MonthDecember 2020

Reading of the Week: More COVID, More Mental Health Problems? Also, e-Cigarette Use (CJP) and Pappas on Her Olympics & Her Depression (NYT)

From the Editor

Will there be a pandemic after the pandemic? Some have wondered about the mental health consequences of COVID-19 – speculating that, in the future, there will be significant mental health problems. In a recent JAMA paper, Simon et al. argued: “The magnitude of this [mental health] second wave is likely to overwhelm the already frayed mental health system, leading to access problems, particularly for the most vulnerable persons.” (That paper was discussed in a past Reading.)

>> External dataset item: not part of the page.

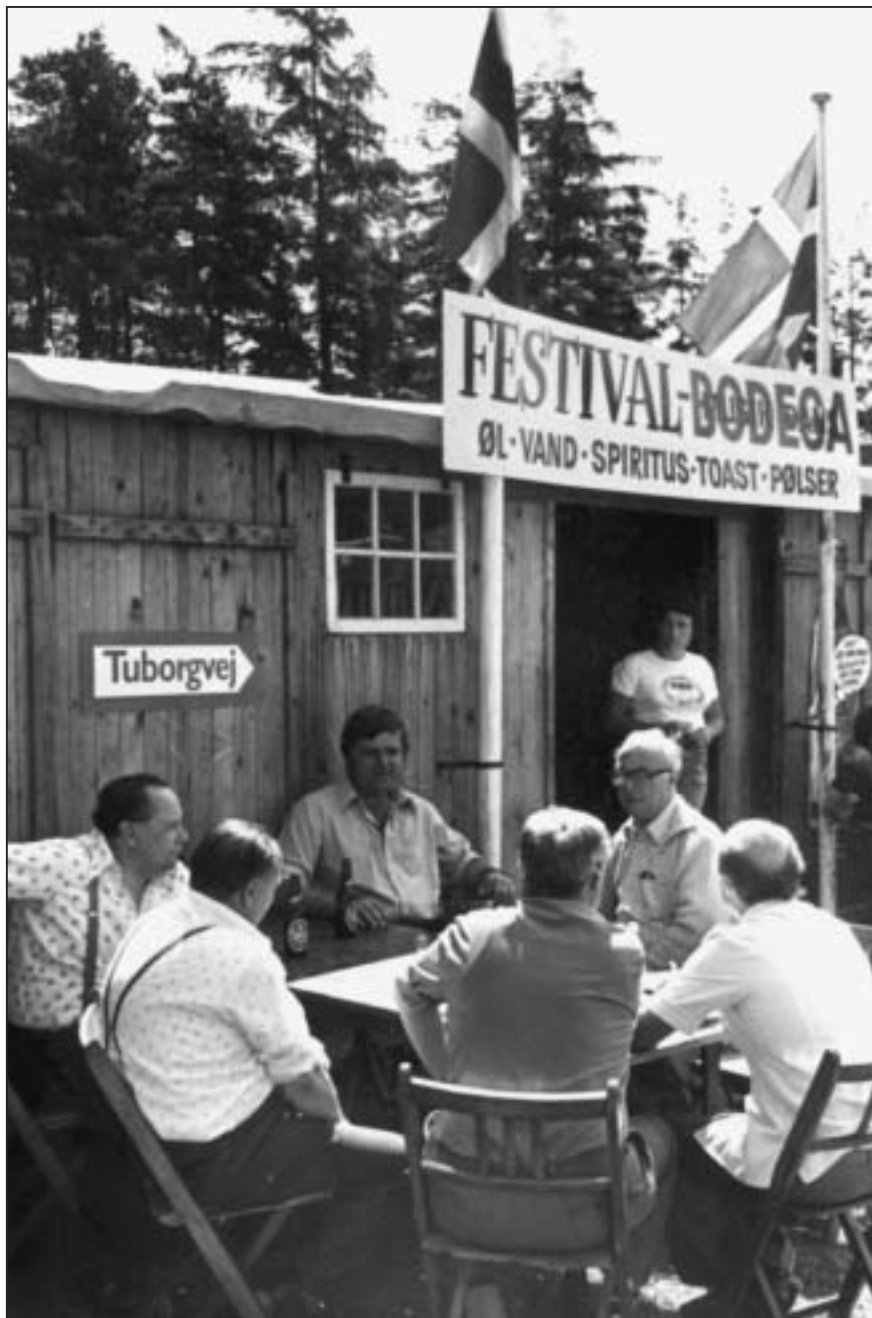
Sommerfesten i Damgårdsparken i 1966 bød på gratis sildebord om søndagen.

In the first selection, we consider a new paper from Lancet Psychiatry. Kuan-Yu Pan (of Vrije Universiteit) and co-authors did a survey of people with psychiatric disorders, as well as people without. “We did not find evidence that there was a strong increase in symptoms during the COVID-19 pandemic in those with a higher burden of disorders. In fact, changes in scores from before to during the pandemic indicated increasing symptom levels in people without mental health disorders, whereas changes of symptom levels were minimal or even negative in individuals with the most severe and chronic mental health disorders.” Should we be reassured by the Pan et al. study?

Alcohol sanitizer and medical mask with copy space,Corona virus,Covid-19 prevention.Protection from physical health problems, but mental health?

In the second selection, we consider a research letter from Dr. Scott B. Patten (of the University of Calgary) and his co-authors. Drawing on survey data, they describe the pattern of use of e-cigarettes, noting that they were originally intended for harm reduction. “In 2017, 15.5% of e-cigarette users reported that they had never smoked, suggesting a de novo pattern of substance use. By 2019, this proportion had more than doubled to 36.7%.”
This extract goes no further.